Cyber crime costs average $4.9m: Ponemon Institute
- 15 October, 2015 12:09
The average economic impact of cyber crime on Australian organisations increased from $4.2 million last year to $4.9 million according to the Ponemon Institute’s 2015 Cost of Cyber Crime Study.
The study, which was sponsored by HP Enterprise Security, examined the costs incurred by 28 Australian organisations who were victims of cyber crime. Costs ranged from $792,932 up to $18 million.
Business disruption continued to represent the highest external cost in Australia, followed by the costs associated with information loss. On an annual basis, business disruption accounted for 38 per cent of total external costs, down 2 per cent from last year. Costs associated with information and revenue loss accounted for 58 per cent of external costs, an increase from 54 per cent in 2014.
The average time it took to resolve a cyber attack increased from 23 days last year to 31 days, with the average cost incurred by organisations now $419,542.

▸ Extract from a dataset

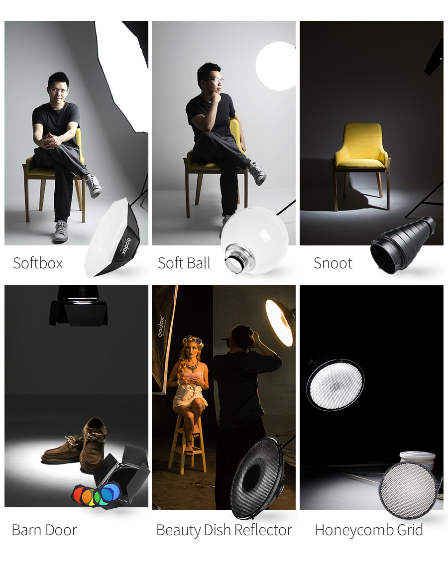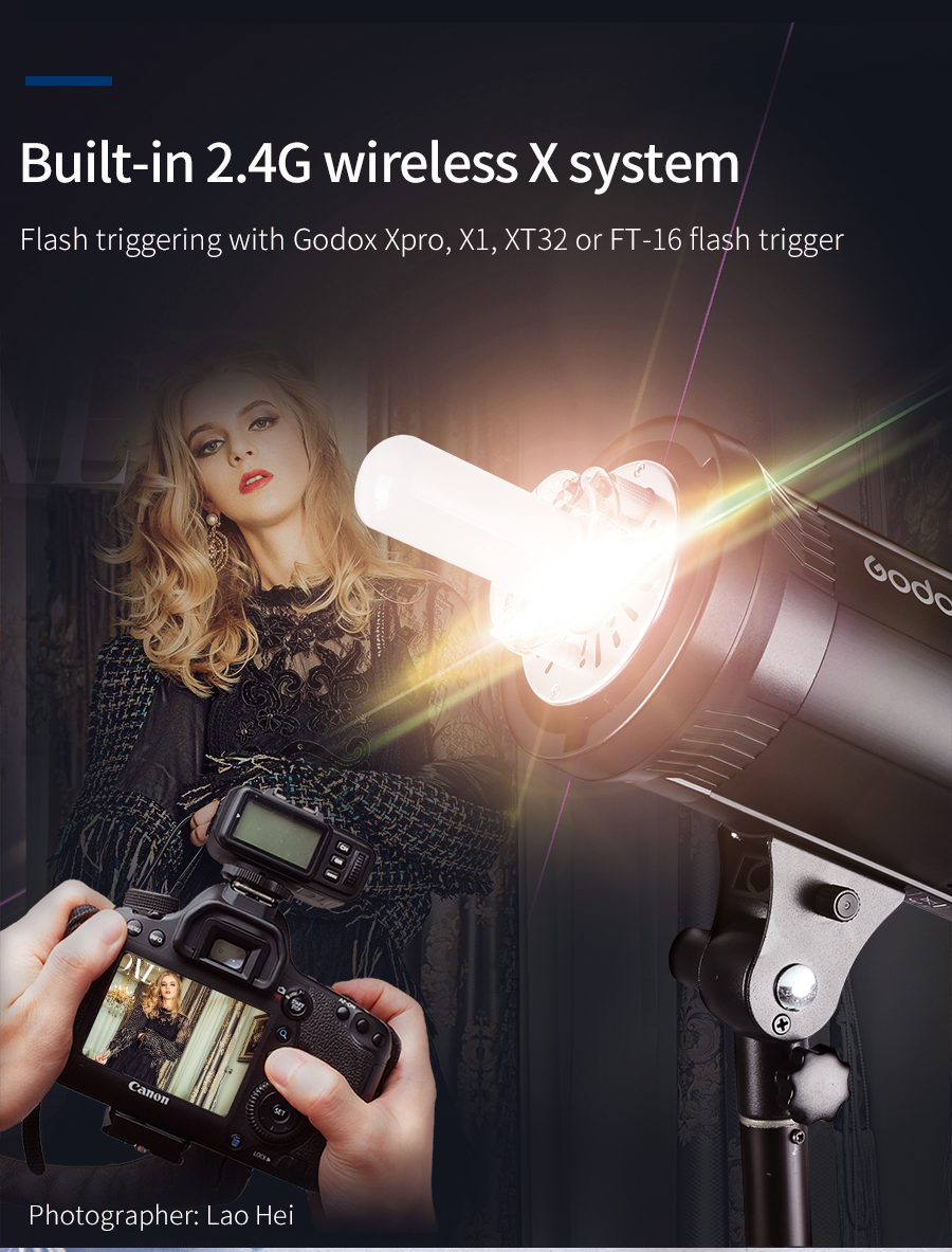 - Drahtlose Steuerung des Blitzleistungsverhältnisses, des Ein- und Ausschaltens von Einstelllicht und Summer sowie der Blitzauslösung mit Godox Xpro, X1, XT32 oder FT-16 Blitzauslöser

Malicious insider attacks could take up to 50 days to contain, the report said.
The most costly cyber crimes were those caused by malicious insiders, distributed denial of service (DDoS) attacks and malicious code. These attacks accounted for more than 45 per cent of all cyber crime costs per organisation on an annual basis.
The study also found that organisations are now committing 20 per cent of their security budget allocation to the application layer, up from 16 per cent in 2014.
Commenting on the report, HP Software enterprise security products general manager Shane Bellos said that as organisations invest in mobile, cloud and the Internet of Things (IoT), the attack surface for more sophisticated adversaries continues to expand.
“To address this challenging dynamic, we must first understand the threats that pose the most risk and then prioritise the security strategies that can make a difference in minimising the impact,” he said.
According to the Ponemon Institute’s 2014 Cost of Data Breach Global Analysis, the average cost of a data breach per Australian organisation was over $2.5 million per year.